(Records excerpted from a collection)
===============
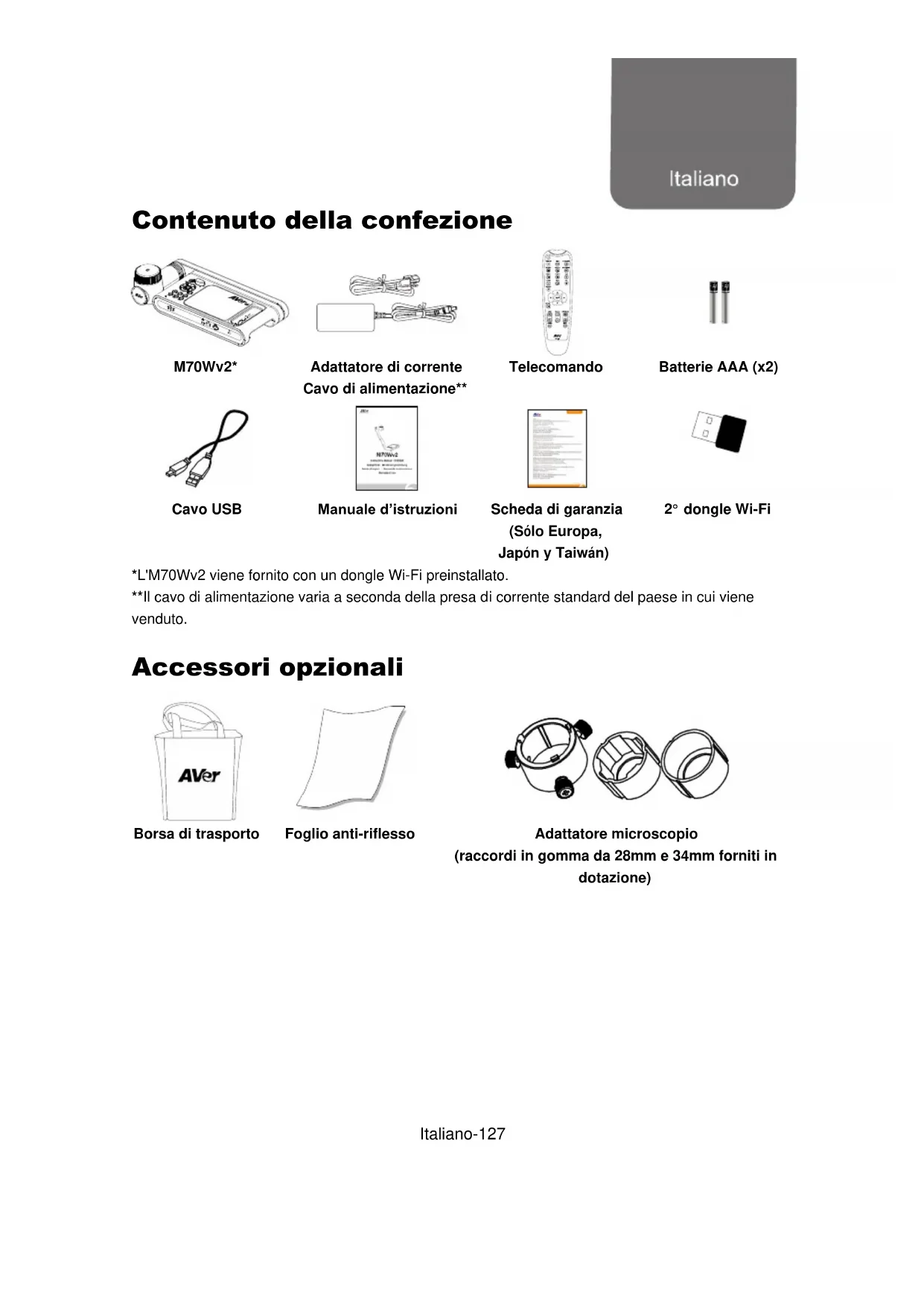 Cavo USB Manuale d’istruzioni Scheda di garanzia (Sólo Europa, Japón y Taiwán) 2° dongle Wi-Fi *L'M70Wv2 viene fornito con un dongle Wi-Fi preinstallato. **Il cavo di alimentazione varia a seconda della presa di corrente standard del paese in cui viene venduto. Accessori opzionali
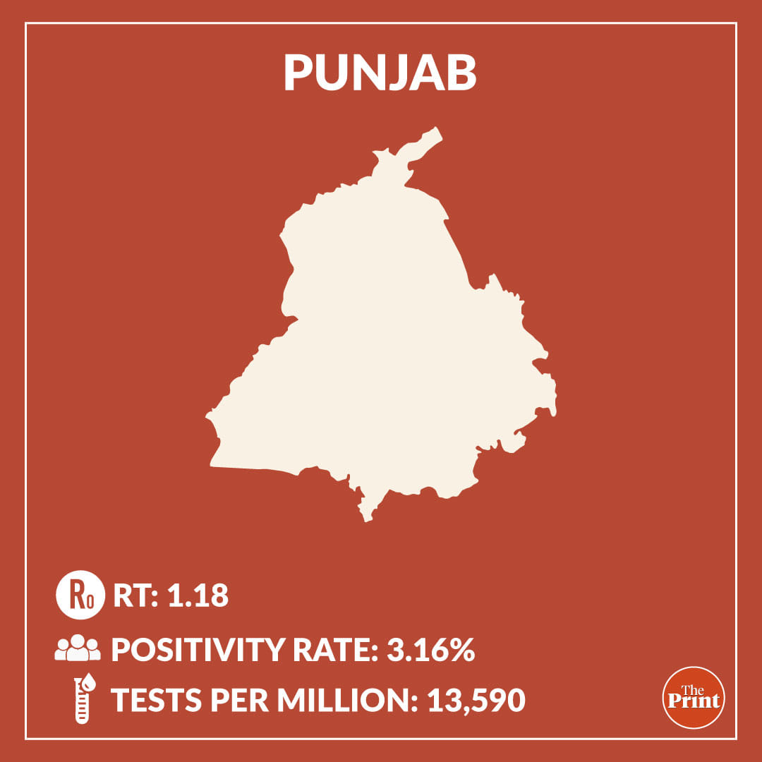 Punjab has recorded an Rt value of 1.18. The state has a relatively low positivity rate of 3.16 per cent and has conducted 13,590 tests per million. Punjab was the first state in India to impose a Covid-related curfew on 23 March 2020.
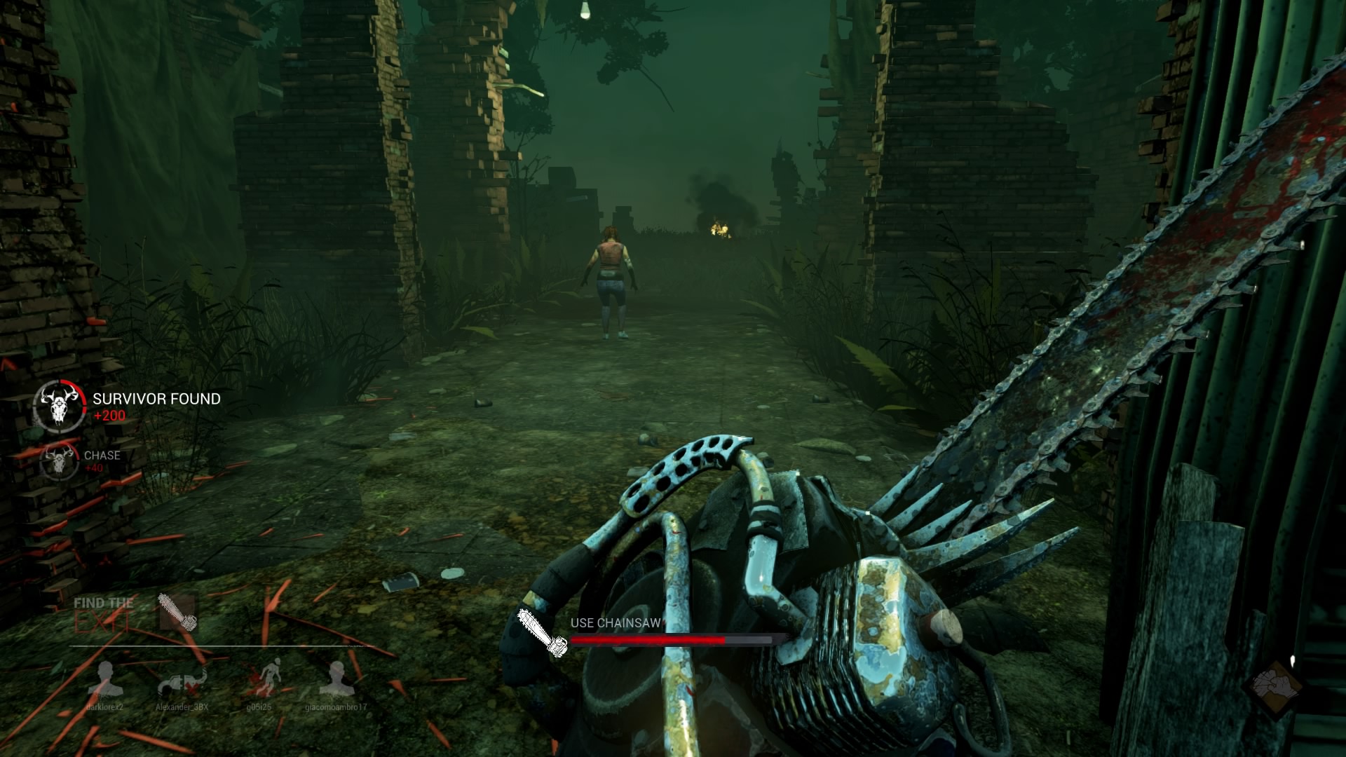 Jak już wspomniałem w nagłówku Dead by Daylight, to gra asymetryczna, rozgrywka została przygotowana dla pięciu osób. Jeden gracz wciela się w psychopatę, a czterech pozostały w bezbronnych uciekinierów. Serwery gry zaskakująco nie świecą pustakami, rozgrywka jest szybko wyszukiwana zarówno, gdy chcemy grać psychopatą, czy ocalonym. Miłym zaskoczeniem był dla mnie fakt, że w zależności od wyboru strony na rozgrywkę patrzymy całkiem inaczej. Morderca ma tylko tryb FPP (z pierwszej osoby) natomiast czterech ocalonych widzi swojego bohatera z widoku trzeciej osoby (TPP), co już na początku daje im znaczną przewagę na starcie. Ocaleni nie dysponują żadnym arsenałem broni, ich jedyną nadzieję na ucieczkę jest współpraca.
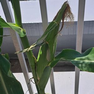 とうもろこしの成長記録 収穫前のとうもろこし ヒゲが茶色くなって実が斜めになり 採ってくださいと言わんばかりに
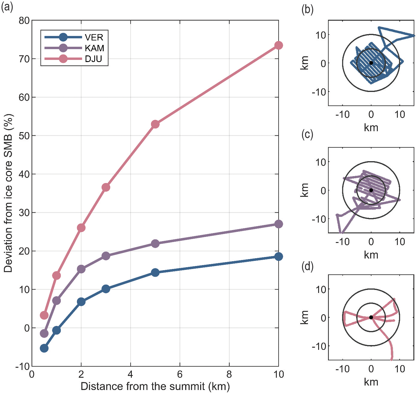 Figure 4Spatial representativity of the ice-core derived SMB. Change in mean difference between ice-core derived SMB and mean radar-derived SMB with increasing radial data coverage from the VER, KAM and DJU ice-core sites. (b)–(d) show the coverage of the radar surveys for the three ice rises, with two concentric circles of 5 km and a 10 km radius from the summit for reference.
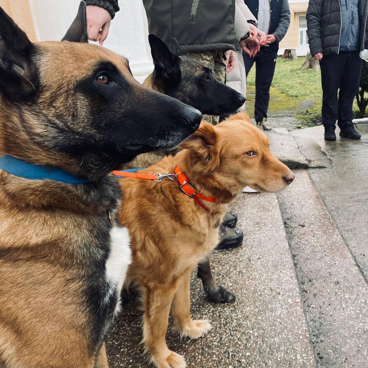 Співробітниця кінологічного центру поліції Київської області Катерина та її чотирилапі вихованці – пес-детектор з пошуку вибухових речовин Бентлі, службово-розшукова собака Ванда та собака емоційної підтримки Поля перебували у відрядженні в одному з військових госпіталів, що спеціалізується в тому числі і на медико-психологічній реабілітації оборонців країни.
===============
§ **WHAT YOU HAVE TO DO**: Take the lines above starting at the one containing "Punjab has recorded" and ending at the one containing "とうもろこしの成長記録 収穫前のとうもろこし ヒゲが茶色くなって実が斜めになり", and print them again exactly, without pictures.

§ **SOLVED PROBLEM**:
 Punjab has recorded an Rt value of 1.18. The state has a relatively low positivity rate of 3.16 per cent and has conducted 13,590 tests per million. Punjab was the first state in India to impose a Covid-related curfew on 23 March 2020.
 Jak już wspomniałem w nagłówku Dead by Daylight, to gra asymetryczna, rozgrywka została przygotowana dla pięciu osób. Jeden gracz wciela się w psychopatę, a czterech pozostały w bezbronnych uciekinierów. Serwery gry zaskakująco nie świecą pustakami, rozgrywka jest szybko wyszukiwana zarówno, gdy chcemy grać psychopatą, czy ocalonym. Miłym zaskoczeniem był dla mnie fakt, że w zależności od wyboru strony na rozgrywkę patrzymy całkiem inaczej. Morderca ma tylko tryb FPP (z pierwszej osoby) natomiast czterech ocalonych widzi swojego bohatera z widoku trzeciej osoby (TPP), co już na początku daje im znaczną przewagę na starcie. Ocaleni nie dysponują żadnym arsenałem broni, ich jedyną nadzieję na ucieczkę jest współpraca.
 とうもろこしの成長記録 収穫前のとうもろこし ヒゲが茶色くなって実が斜めになり 採ってくださいと言わんばかりに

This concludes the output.